At the end of the video, there’s the visual suggestion that someone has jumped from a bridge. It’s part of a point that Alicia’s making about not noticing the signs until it’s too late. “I first saw the idea of the boy disappearing in a dream and I woke up with goosebumps knowing that I had to use that in the video,” she wrote. “I thought about having a positive ending, but unfortunately that just doesn’t happen in reality with suicide. However, the purpose of this video is to demonstrate the reality in the hope that there would be more positive endings to come!”

The TED organization has been quite open to featuring speeches by attempt survivors. Mark Henick is a Toronto case manager with the Canadian Mental Health Association and a board member for the Mental Health Commission of Canada. “Suicide is a public health concern, not a criminal one,” he says here, pointing out that the term “committed suicide” has been wrongly used since the early 1970s, when suicide was decriminalized in Canada. (One country where suicide remains a crime is India, but it looks like they’re trying to change that.)

The final video comes from Paul Quinnett, the head of The QPR Institute and an entertaining new blogger. “When I train physicians in how to screen for suicide risk, I often ask them, ‘Which is more difficult, conducting your first DRE (digital rectal exam) or asking if a patient is considering suicide?'” he writes. “Finding: DRE probes are easy, suicide probes are hard.”

His passion at the moment is pushing for Washington state to require primary care professionals to have at least six hours of training in suicide risk assessment. But it wasn’t just him testifying in the state capitol this month. Three young people who’ve been suicidal also spoke, and you can see them here at the 17:25 and 32:30 marks. “My story is a testament to the fact that treatment works and people do recover,” Enrique Garcia says. “But we need to catch them first, before it’s too late.”

4 Comments Join the Conversation

  1. It’s strange that disabled and very old and suffering are programmed to cling to life but on the other hand healthy and intelligent persons lose purpose of and interest in life and want to switch it off.

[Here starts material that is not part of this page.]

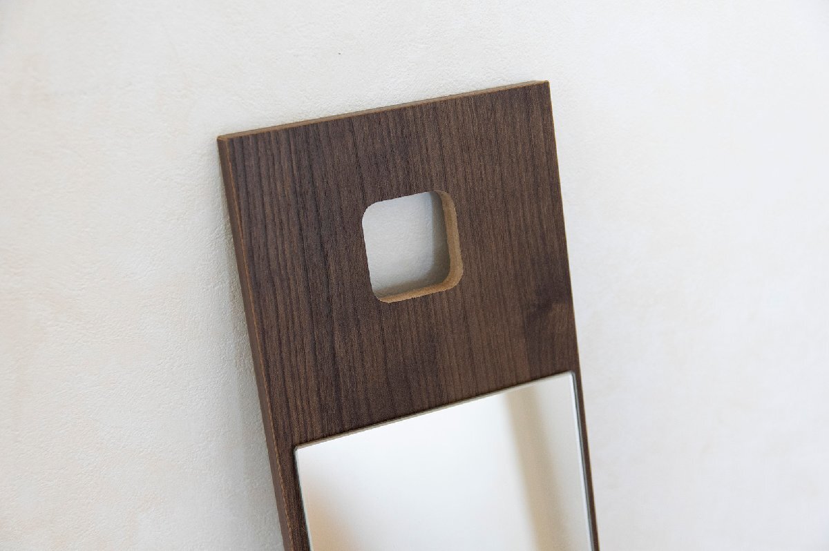 スリム&軽量な吊り下げスリムミラー『Meria(メリア)』。上部の穴をポールに引っかければ、すぐに使える姿見に。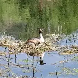 白腹麻鸭(图5) 2龄时性成熟。通繁殖期4-6月。对的结合较为固定。交配在水中或地上进行,交配前雌鸭颈部向前伸直,头低向地面,并发出‘嘎嘎’叫声,来回在雄鸭周围走动,雄鸭此时也伸长脖子走向雌鸭,随后衔住雌鸭肩羽,上到雌鸭背上进行交配。营巢于天然洞穴或其他动物废弃洞穴、墓穴以及山间和湖泊岛屿上的土洞和石穴中。巢由少量枯草和大量绒羽构成。窝卵数8-10枚。由雌鸟单独承担,雄鸟在巢附近警戒,遇危险时则高声鸣叫以示警,有时雄鸟还飞向入侵者作出攻击姿势进行恐吓。雌鸟离巢时用绒羽将卵盖住,然后才随雄鸟一起外出觅食。 白腹麻鸭(图6) 觅食结束后雄鸟又伴随雌鸟飞回巢中,然后才离开雌鸟栖息于巢附近警戒。孵化期27-30天,5月初即有雏鸟孵出。已孵出的雏鸟和亲鸟一起游泳在水塘和小溪中,见人后雏鸟立刻藏入岸边草丛。雏鸟早成性,孵出后即长满了绒羽,并会游泳和潜水。也有资料说雏鸟孵出后通常由亲鸟从巢区背负到水域。在水中游泳时雏鸟亦常爬到亲鸟背上玩耍,雏鸟在亲鸟带领下经过50天左右的雏鸟期生活后即具飞翔能力。

    • You’ve made that statement from complete ignorance, didn’t you? The lion’s share of suicides are, in fact, completed by elderly and disabled persons. That seemingly otherwise healthy and intelligent people can attempt suicide doesn’t negate the possibility of other causes, such as psychiatric disorders, being overwhelmed by circumstances in their lives, et al, that are likely not visible to someone just glancing in their general direction. I would hope that, since you’re actually looking at this page, you’re only taking the first step to alleviating your apparent need to make such statements.

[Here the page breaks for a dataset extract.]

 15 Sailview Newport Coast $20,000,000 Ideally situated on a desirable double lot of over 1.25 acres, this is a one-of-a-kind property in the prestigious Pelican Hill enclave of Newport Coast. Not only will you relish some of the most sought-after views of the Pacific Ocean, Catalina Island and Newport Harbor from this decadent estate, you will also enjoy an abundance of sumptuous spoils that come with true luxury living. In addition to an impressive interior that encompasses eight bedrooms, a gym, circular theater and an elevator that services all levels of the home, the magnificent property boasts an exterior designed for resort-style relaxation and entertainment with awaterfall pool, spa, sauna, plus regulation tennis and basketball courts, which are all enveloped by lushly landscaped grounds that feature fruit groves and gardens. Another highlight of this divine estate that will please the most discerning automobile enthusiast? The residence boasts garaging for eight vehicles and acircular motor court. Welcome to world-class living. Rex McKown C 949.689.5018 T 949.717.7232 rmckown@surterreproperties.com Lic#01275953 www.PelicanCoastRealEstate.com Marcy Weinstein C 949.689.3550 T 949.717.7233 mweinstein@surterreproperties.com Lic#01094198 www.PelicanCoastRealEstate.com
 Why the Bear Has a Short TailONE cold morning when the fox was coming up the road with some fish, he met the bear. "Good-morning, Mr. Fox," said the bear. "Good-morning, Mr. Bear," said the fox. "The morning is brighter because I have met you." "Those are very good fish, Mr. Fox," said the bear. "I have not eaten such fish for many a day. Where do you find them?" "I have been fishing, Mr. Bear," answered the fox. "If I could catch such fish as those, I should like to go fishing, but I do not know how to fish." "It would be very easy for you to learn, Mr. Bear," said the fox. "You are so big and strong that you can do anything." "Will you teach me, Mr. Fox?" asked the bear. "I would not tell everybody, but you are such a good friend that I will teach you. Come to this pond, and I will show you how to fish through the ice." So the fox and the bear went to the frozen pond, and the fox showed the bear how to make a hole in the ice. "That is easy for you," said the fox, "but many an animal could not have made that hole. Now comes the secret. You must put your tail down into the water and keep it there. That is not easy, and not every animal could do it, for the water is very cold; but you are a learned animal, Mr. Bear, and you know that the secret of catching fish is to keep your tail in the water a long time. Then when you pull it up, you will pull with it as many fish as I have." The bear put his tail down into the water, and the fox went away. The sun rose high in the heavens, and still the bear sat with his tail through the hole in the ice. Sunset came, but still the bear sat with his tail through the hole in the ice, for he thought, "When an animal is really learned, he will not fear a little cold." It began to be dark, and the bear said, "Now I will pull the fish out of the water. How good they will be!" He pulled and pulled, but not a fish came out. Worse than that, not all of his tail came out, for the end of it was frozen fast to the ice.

      • I’d also add… the general picture of people that are suicidal, attempt or commit suicide is that of generally healthy and young (white, middle class etc). I’ve scoured the Internet for suicide prevention material and pay close attention to any media attention it is given and the faces one sees are overwhelmingly healthy looking, young and often people that have ‘everything going for them’ (think h.s. and college students with a fair amount of social privilege or famous people). Any ignorance in the Patels comment, I would say, is fueled by not just ‘stigma’ but the reluctance of even the most generous resources (working to ‘fight stigma’) to show images of people that may have the actual appearance of desperation. The mental health system in this country is, for many, near useless and they are left to fend for themselves. People that don’t fit the popular suicide prevention poster child image probably don’t have their stories told because they either aren’t around to tell them now or they don’t have any ‘glad I didn’t’, ‘life now has meaning’ happy ending to tell (they are too busy still getting by, some how not dead but not really alive and with no or minimal and likely demeaning mental health treatment).